Вот и сейчас, в подобную тяжкую годину мысленных метаний, Бэррий Андронович глубоко вздыхал, водя бритвой по опытным, слегка обвисшим щекам.

«Но ведь монах-отшельник и не нуждается в признании, более громком и многословном, нежели кваканье лягушек, – утешал себя Бэррий Андронович. – Тьфу ты! Опять эти лягушки!»

Разбираться в том, почему приступы алкоголизма, в простонародье именуемые «запоями», приобрели в его жизни такую неразрывную связь с лягушками, духовым шкафом и мыслями о собственном светлом будущем, Бэррий Андронович, на самом деле, не собирался. В первую очередь потому, что вероятность логического и понятного объяснения этой связи всё равно была ничтожно мала, а во вторую – потому, что Бэррий Андронович был ещё, к тому же, и поэтом. Да-да, именно поэтом! Тем самым, взгляд коего и кроток, и печален, но пред которым широко распахнуто поле человеческой души – со всеми его нивами, дубравами, излучинами и болотами (тоже ведь часть природы... и человека... и природы человека... эх!).

А поэту, как известно, объяснять вообще ничего не надо. Он видит, как видит, чувствует, как чувствует, и понимает, как понимает. Главное, чтобы в рифму и в меру (хотя на этот счет у Бэррия Андроновича окончательного мнения пока не сложилось).

Тяга к творчеству возникла у Бэррия Андроновича давно, ещё со времен студенческой скамьи. Первый научный руководитель будущего инженера по вспомогательным сооружениям, заслуженный старикан технических наук (как его называли студенты) Арнольд Всеволодович Гнедой по секрету делился с каждым первым встречным, что любой, кто только издаёт три книги, ну или хотя бы монографии – сразу же попадает в специальные списки ФБР (или ЦРУ, или ГРУ, или Ай Лав Ю – Бэррий Андронович точно не помнил, но ведь это и не дело поэта – точно помнить, дело поэта – чувствовать!), а на вопрос – зачем ФБР или ЦРУ такие списки, всегда авторитетно отвечал – «Зачем-зачем? Известно зачем!»

В то время Бэррий Андронович, подозревавший, что на три книги его едва ли хватит, полагал, что даже если издать всего одну, но зато очень важную (и желательно толстую) книгу, то попасть в тайный список дальновидного империалистического монстра всё равно будет можно. А фигурировать в списках «где-то там» – это ведь почти то же самое, что и фигурировать в том самом «во вне», о котором Бэррий начал мечтать как-то сразу, без лишних размышлений.
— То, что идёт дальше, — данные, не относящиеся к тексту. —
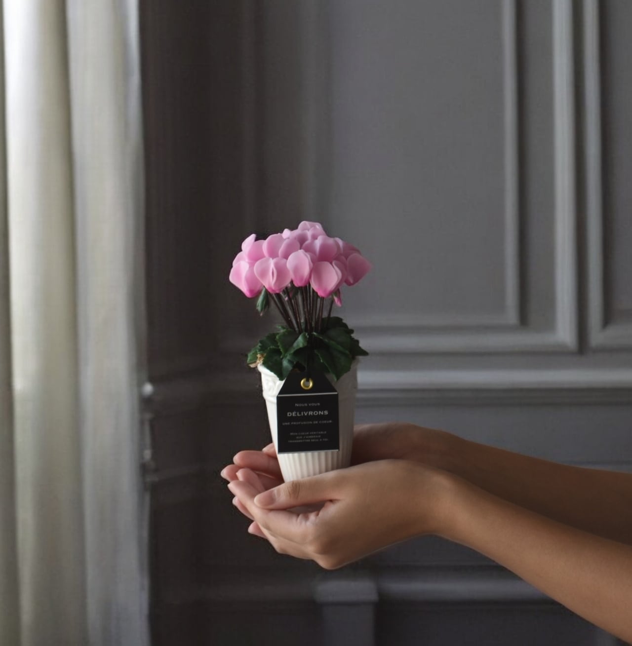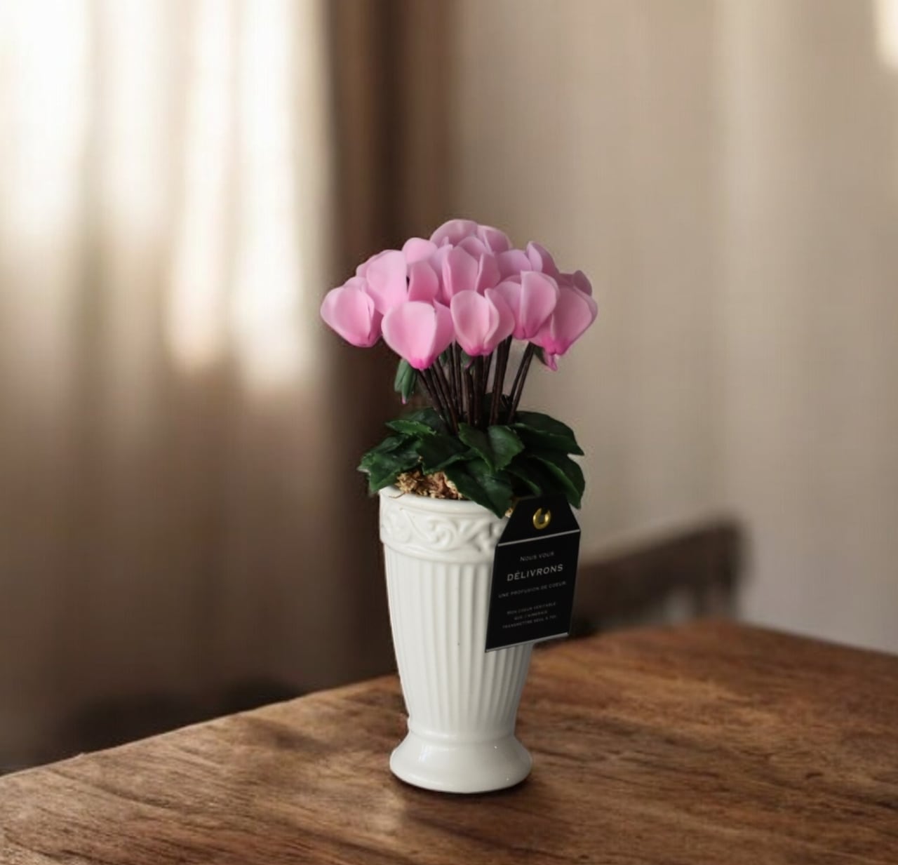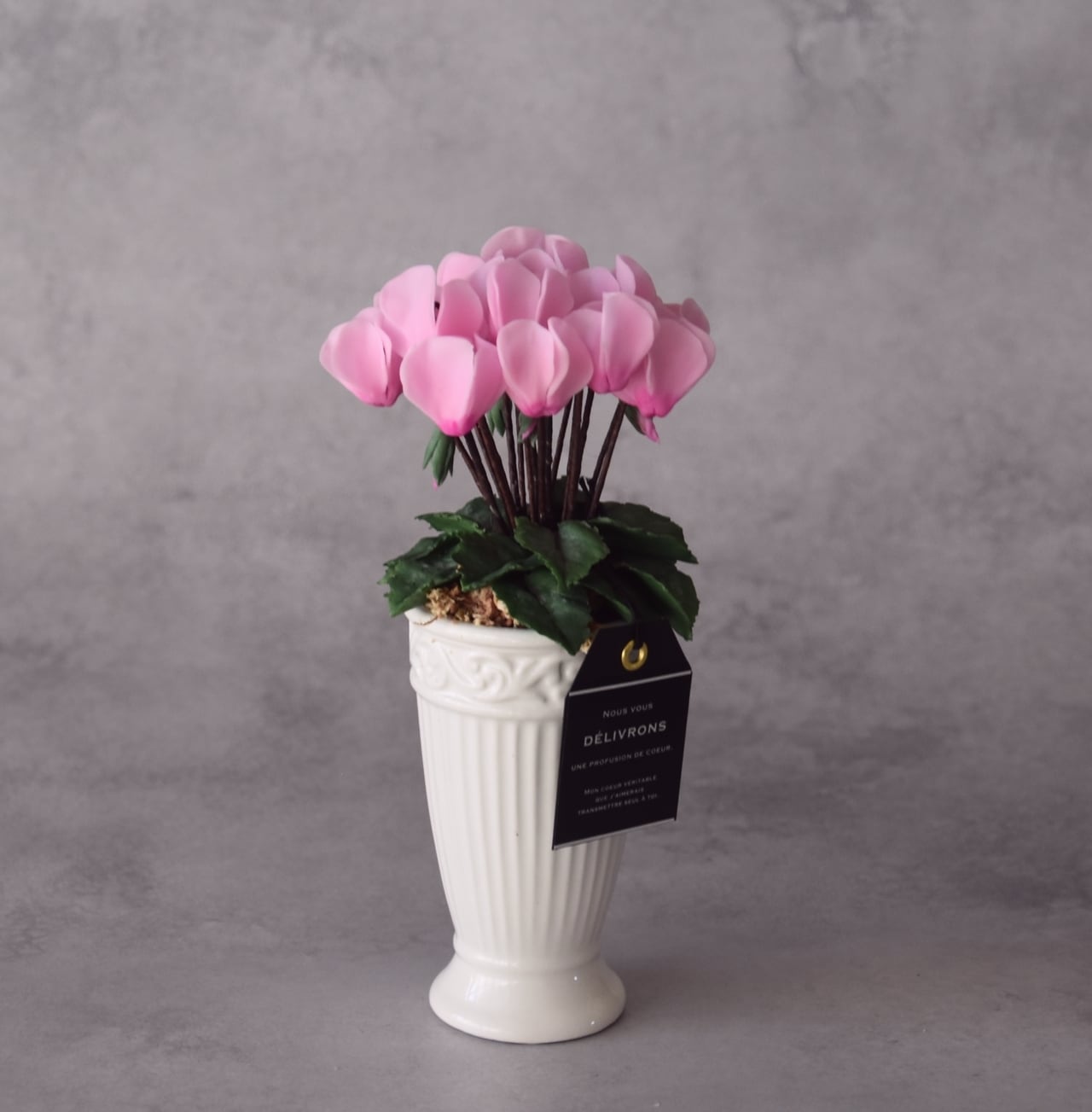 花びらは一枚一枚丁寧に薄く伸ばし、エレガントなフラワーポットにたっぷりと植え込んでいます。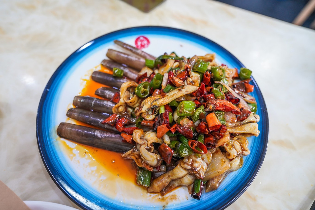 这边的海鲜都比较流行川味的烹饪方法,很多的海鲜都能做成香辣味的,非常符合我们的口味,这个蛏子也强烈建议做香辣味的,味 道真 的很棒,肉也多。

Так, как мечтают о главной цели своей жизни. Самой главной! Настолько главной, что даже и единственной!

Ну а то, что книга в итоге оказалась о плесени… Кому, на самом деле, известны вкусы империалистических монстров?

К тому же, даже самая узкоспециализированная литература – это всё тот же самый памфлет на реальность. А любое авторство – оно исключительно и индивидуально. И в этом смысле, что Есенин, что Бэррий Андронович – всё едино…

 

Настали вязкие, осенние деньки,
Еноты вянут на лесной опушке,
И громко декламируют стихи
Есенина болотные лягушки...

 

«Опять лягушки!» – прошептал Бэррий, теперь уже испытывая весьма ощутимое беспокойство. Сколько бы он не водил опасной бритвой по подбородку, брить там было уже нечего. И откладывать завтрак более было нельзя – до начала смены оставалось никак не более часа.  Поэтому, промыв под водой бритву и щедро увлажнив щёки лосьоном, он отважно переборол свой страх перед духовым шкафом плиты Гефест 240 и бодро прошагал на кухню.

 

***

 

– Привет, Бэррий!

Лягушка сидела на углу кухонного шкафчика и язвительно пялилась на Бэррия Андроновича. На голове у этого внушительного земноводного красовалась изящная шляпа с полями, во рту – трубка, из которой лягушка выпускала редкие облачка дыма, а несуразно длинные лапы задумчиво лежали одна на одной, придавая нежданному посетителю скучающий, но при этом весьма благородный вид. Лягушку эту Бэррий Андронович хорошо знал – это был Буцефал.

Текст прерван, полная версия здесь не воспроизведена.